Machines’ behavior needs responsibility

 For researchers, doubt is key. What is more human than the feeling of uncertainty?

“Humans have nagging suspicions when conversations will eventually go bad.”, says Justine Zhang, a Ph.D. student at Cornell University.

According to her, “it is feasible to make computers aware of those suspicions, too”.

Artificial intelligence is learning how humans react and how to respond to “trolling”.

Google’s Perspective API updated during the experience learned that  “I am a man” was much less subject to criticism than “I am a gay, black woman”. Indeed, recognizing discrimination is key in machine-learning.

Machines can be biased, too

Moreover, machines need to be taught ethics. They will only react to the way they were programmed.
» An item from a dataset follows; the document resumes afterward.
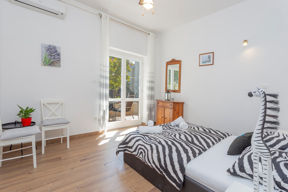 Cozy apartment for two on the second floor located in a very quiet area above the pine wood. The view is beautiful, you can see the sea between the pine trees and our garden full of green. All necessary facilities are close. Restaurants, groceries, rent a boat and bikes are within two minutes of walking distance, the sea is in front of the house . The walk to the city centre takes less than five minutes by the sea and walls of the old Franciscan monastery.
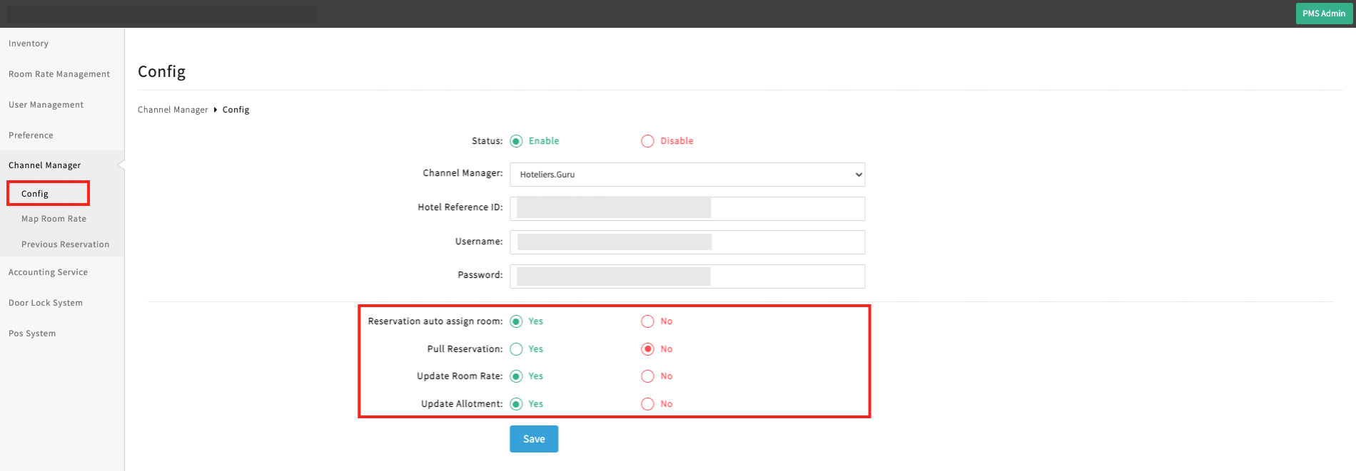- Note: If any topic is selected No, it means that the PMS system will not send information to the channel manager.

This explains the need for researchers to have various ethnicities and backgrounds.

However, MIT has already proven that AI can be racist – stressing that programming might result in an automated biased behavior towards users.

As Afro-American researcher Joy Buolamwini designed a software that would not recognize black women’s genders half of the time. It would also make 34 percent more errors with dark-skinned females than light-skinned males.

AI is still learning

Whether it is via images, programming, or words reactions, machines can end bias.

While human moderators are likely to give in to emotion, companies need to stress a new era for developers ethics, not only to interact, but also to recognize users.

Two weeks ago, Microsoft announced the improvement of its facial scanning technology. It said it would be likely to identify dark skin users by up to twenty times more often.

However, experts rushed into trying it and were very disappointed. Most of them expressed heavy doubts about the improvement, justifying it by a lack of diversity amongst Silicon Valley’s developers.

Brian Brackeen, managing the project commented the software are not being “ready for use by law enforcement”.

While mainstream software companies effort to improve machine-learning; human moderators need to resolve online conflicts with objectivity – and most importantly make sure that machines follow the same guidelines.